The Yiddish Policemen’s Union

By Michael Chabon

If Raymond Chandler had sat down with Isaac Bashevis Singer over a bottle of schnapps, they might have produced THE YIDDISH POLICEMEN’S UNION.

THE YIDDISH POLICEMEN’S UNION combines a noir murder mystery with Jewish messianic beliefs in a “what if . . . “ context that springs from an actual historical fact.

Chabon’s starting point is the 1940 Slattery Report that recommended that Alaska be used for temporarily resettling European Jews fleeing the Nazis. Ultimately, Alaska Territory Delegate to the U.S. House of Representatives Anthony J. Dimond prevented a vote on the recommendation from ever taking place.

In Chabon’s book, the Jews of Alaska are within months of losing their temporary sanctuary, which will rejoin the United States. The State of Israel had been established in 1948 but was destroyed within three months by an Arab-Israeli war. The U.S. president believes in a divine mandate for the Jews to reclaim Israel once again.

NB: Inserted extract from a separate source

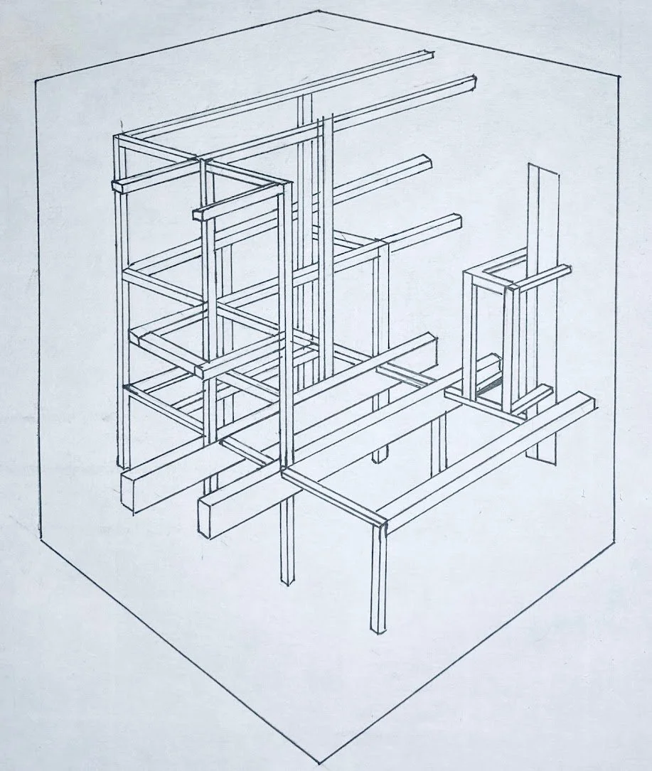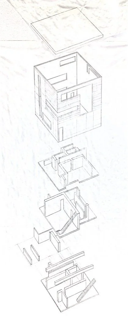 This small-scale architectural concept mediates between public and private spaces through layered depth and perspective. Hand-drawn plans and models illustrate the integration of structure and function. A key feature is a retractable shelving system designed for flexibility, blending aesthetic form with everyday usability.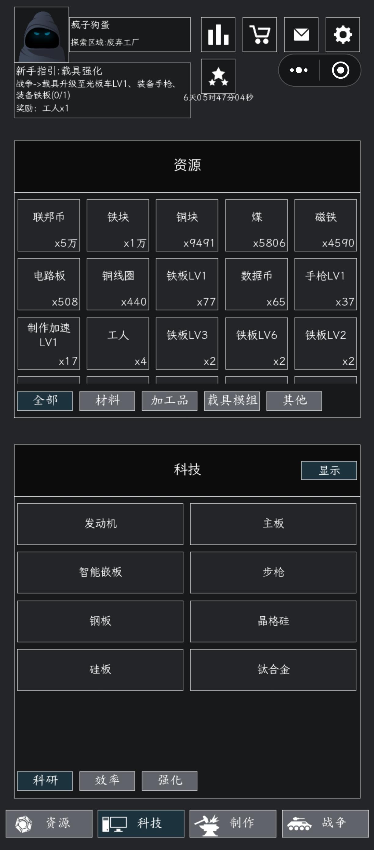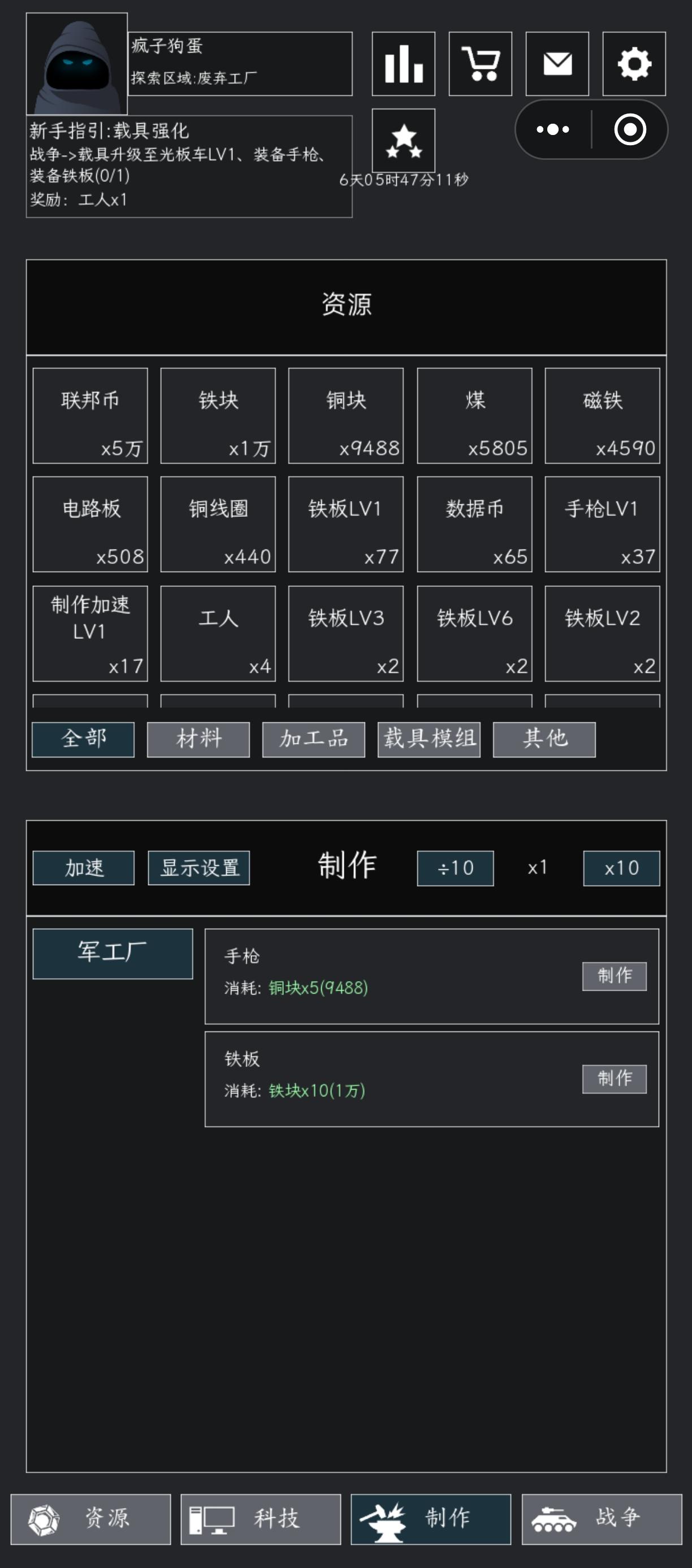 新手入门☞进阶版开局礼包码:加群福利,联邦福利,星火兵工厂12(12月),bgcgl。☞开启转盘,第一个考验运气的时候。开局福利领完工人应该有7个:铁4,铜1,煤1跟着新手任务走,打完第一个BOSS接着去打深渊第5关。这个时候应该有10个工人。建议铁5,铜2,煤3。进入正题:先秒钢铁科技,和主板,发动机。去制作空间扩展1需要的材料。空间1秒出来,不然上不了机枪秒武器线科技,秒到机枪这

The main character, Meyer Landsman, is an alcoholic homicide detective for the Sitka police department. He and his wife, Bina Gelbfish (also a police officer), have separated because Meyer is unable to live with the guilt of their decision to abort their unborn child Django due to a tragic genetic problem. Meyer’s father, Isador Landsman, was a Holocaust survivor and chess grandmaster. His sister, Naomi, a bush pilot, died in a suspicious plane crash the year before.

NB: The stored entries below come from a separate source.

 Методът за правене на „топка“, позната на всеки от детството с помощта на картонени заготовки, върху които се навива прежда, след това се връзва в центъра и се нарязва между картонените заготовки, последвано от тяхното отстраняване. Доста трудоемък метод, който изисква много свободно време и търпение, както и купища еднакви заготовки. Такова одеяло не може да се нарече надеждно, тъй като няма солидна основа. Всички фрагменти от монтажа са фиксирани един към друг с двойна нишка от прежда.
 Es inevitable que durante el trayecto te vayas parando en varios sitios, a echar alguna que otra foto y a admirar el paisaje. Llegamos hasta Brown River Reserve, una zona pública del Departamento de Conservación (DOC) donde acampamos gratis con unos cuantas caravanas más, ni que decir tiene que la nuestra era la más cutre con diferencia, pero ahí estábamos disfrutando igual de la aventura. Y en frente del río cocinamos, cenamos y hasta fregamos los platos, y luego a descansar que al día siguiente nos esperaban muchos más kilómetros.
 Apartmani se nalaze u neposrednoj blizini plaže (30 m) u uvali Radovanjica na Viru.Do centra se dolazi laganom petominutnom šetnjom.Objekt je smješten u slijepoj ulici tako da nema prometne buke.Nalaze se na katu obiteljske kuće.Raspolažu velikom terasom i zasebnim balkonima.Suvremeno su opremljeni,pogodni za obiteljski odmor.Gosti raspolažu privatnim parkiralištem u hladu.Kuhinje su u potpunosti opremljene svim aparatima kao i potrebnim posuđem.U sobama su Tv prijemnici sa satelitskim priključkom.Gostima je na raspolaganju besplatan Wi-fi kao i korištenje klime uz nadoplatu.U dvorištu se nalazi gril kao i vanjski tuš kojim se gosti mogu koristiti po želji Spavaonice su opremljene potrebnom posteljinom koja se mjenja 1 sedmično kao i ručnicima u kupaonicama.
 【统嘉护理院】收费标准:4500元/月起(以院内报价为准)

Meyer is called in on the murder of a fellow resident of the Hotel Zamenhoff. The victim, Emmanuel Lasker, has been shot execution-style with tools for shooting up heroin beside him, along with a chessboard in mid-game and a book of famous chess games.

Investigation reveals the victim is actually Mendel Shpilman, son of a Hasidic rebbe, who had disowned him.

Meyer’s wife, Bina, is promoted to commander of their unit. The unit is charged with speedily cleaning up its docket of unsolved cases before Alaska reverts to American control. Meyer is involved in a shootout that leads to his suspension from active duty. He unofficially pursues the Shpilman case on the strength of a ragged Yiddish Policemen’s Union ID card.

As Meyer drills into the issue of who killed Shpilman and why, the implications of his discoveries grow into dramatic international proportions

While THE YIDDISH POLICEMEN’S UNION requires consciously suspending disbelief, it is riveting, poignant and hilarious. Yiddish speakers and chess mavens mingle with Tinglit Native Americans. Characters reach for their cell phones made by Shoyfer, in a wink to the shofars that call Jews to repentance on Yom Kippur. Cops and bad guys alike carry guns referred to as shaloms — a “piece” in detective books or perhaps a peace-maker.

Chabon’s Pulitzer Prize-winning THE AMAZING ADVENTURES OF KAVALIER & CLAY  is a more factually realistic tale of Jewish cartoonists during the 1930s and World War II years.

THE YIDDISH POLICEMAN’S UNION is a celebration of imagination and yiddishkeit. Any reader with a taste for alternate realities and paradox will have much to enjoy in THE YIDDISH POLICEMEN’S UNION.

The Author: Michael Chabon (1963 – )

Michael Chabon published his first novel, THE MYSTERIES OF PITTSBURG (1988), when he was 25. The book was written as his master’s thesis at the University of California, Irvine (UCI). His third novel, THE AMAZING ADVENTURES OF KAVALIER & CLAY (2000) won the 2001 Pulitzer Prize for Fiction.

THE YIDDISH POLICEMEN’S UNION won the Hugo, Sidewise, Nebula and Ignotus awards.

In addition to his novels, he has published screenplays, children’s books, comics and newspaper serials.

Born in Washington, D.C., Chabon’s parents were lawyers; his father was also a physician. Michael knew he wanted to be a writer from the age of 10 when he wrote his first short story for a class assignment. After his parents divorced when he was 11, he divided his time between Pittsburgh and Columbia, MD.

He earned a bachelor’s degree from the University of Pittsburgh and a master of fine arts in creative writing from the University of California, Irivine.